GITEGA, 12 mai (ABP) – Le président de la Commission Vérité et Réconciliation (CVR), Pierre Claver Ndayicariye, salue le rôle joué par certaines églises et organisations dans le processus de réconciliation des Burundais notamment l’église catholique dans les diocèses de Ruyigi, Muyinga, Ngozi et Gitega ainsi que Ruyigi, Muyinga, Ngozi et Gitega (capitale politique et centre du Burundi)
Le président de la CVR s’est exprimé lors d’un atelier de deux jours organisé à Gitega (capitale politique) à l’intention des représentants de l’Église adventiste du septième. Cette rencontre visait à échanger sur le rôle que cette confession peut jouer dans le renforcement de la cohabitation pacifique, du respect mutuel et de la réconciliation nationale.
Il a également indiqué que cette rencontre a été organisée à leur endroit en raison de l’influence de leur parole auprès des fidèles. Ndayicariye a signalé que les Églises et les confessions religieuses constituent un pilier incontournable dans le processus de réconciliation des Burundais.
Il a, à cet effet remercier l’Eglise Catholique pour ses actions menées dans le processus de réconciliation dans les diocèses de Ruyigi, Muyinga, Ngozi et Gitega sans oublier l’organisation Miparec de Gitega.
Il a également rappelé que l’histoire du Burundi a montré que certaines Églises et confessions religieuses ont été impliquées dans les violences qu’a connues le pays. « Au cours de nos enquêtes, nous avons découvert que certains serviteurs de Dieu ont joué un rôle important dans les crimes commis au Burundi. Certains ont fourni des listes de personnes à tuer, tandis que d’autres déclaraient qu’ils déposent les Bibles, que ce le moment de prendre les armes” », a-t-il affirmé.
S’appuyant sur les enseignements bibliques de l’apôtre Pierre, M. Ndayicariye a souligné que Dieu est le premier artisan de la réconciliation.
Il a expliqué que les fidèles doivent d’abord demander pardon à ceux qu’ils ont offensés avant de présenter leurs offrandes à Dieu, ajoutant que les Burundais ont actuellement mis Dieu au centre de leurs activités.
Selon lui, la vision d’un Burundi émergent en 2040 et développé en 2060 ne pourra se concrétiser sans une véritable réconciliation entre les citoyens, car a-t-il précisé, construire un pays sur le mensonge constitue un obstacle au développement.

Il a invité les responsables adventistes à enseigner l’exemplarité et la vérité à leurs fidèles, alors que plusieurs auteurs de crimes continuent, selon lui, à se cacher.

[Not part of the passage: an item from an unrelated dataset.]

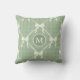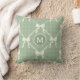 Oreiller décoratif Nœuds Coquette Gingham Monogramme Crème Vert Sauge pour un look moderne et épuré. Élégant et chic style campagnard dans ce motif unique de nœuds couleur crème et de lignes à motifs en diamant à l'aquarelle. Changez le monogramme pour l'initiale de votre choix.

De leur côté, les responsables de l’Église adventiste du septième jour ont indiqué qu’ils enseignent à leurs fidèles la résolution pacifique des conflits et la reconnaissance des fautes commises afin de favoriser le pardon.
Le pasteur Bernard Nyandwi de la mission de Bujumbura, a affirmé que la parole de Dieu ne rejette aucune ethnie. Selon lui, Hutu, Tutsi, Twa ou Blanc adorent tous le même Dieu, ce qui démontre que tous les êtres humains sont égaux et qu’aucun ne devrait ôter la vie à son semblable.
A cette occasion, l’Église Adventiste du 7ème jour s’est engagé à prier pour la CVR dans l’accomplissement de ses missions, car ont-ils signalé, la prière est une réponse spirituelle forte face aux souffrances que le Burundi a traversées. Les participants ont alors énuméré plusieurs piliers pour la réconciliation, notamment la connaissance de soi ; le respect de la diversité ethnique, sociale et religieuse ; l’amour du prochain et l’enseignement de la vérité fondée sur la Parole de Dieu.
Les représentants de l’église Adventiste ont enfin appelé les instances de prise de décision à intégrer les résultats des recherches de la CVR dans les programmes scolaires, afin que les nouvelles générations doivent connaître la vérité sur le passé pour s’engager sur le chemin du pardon et de la réconciliation.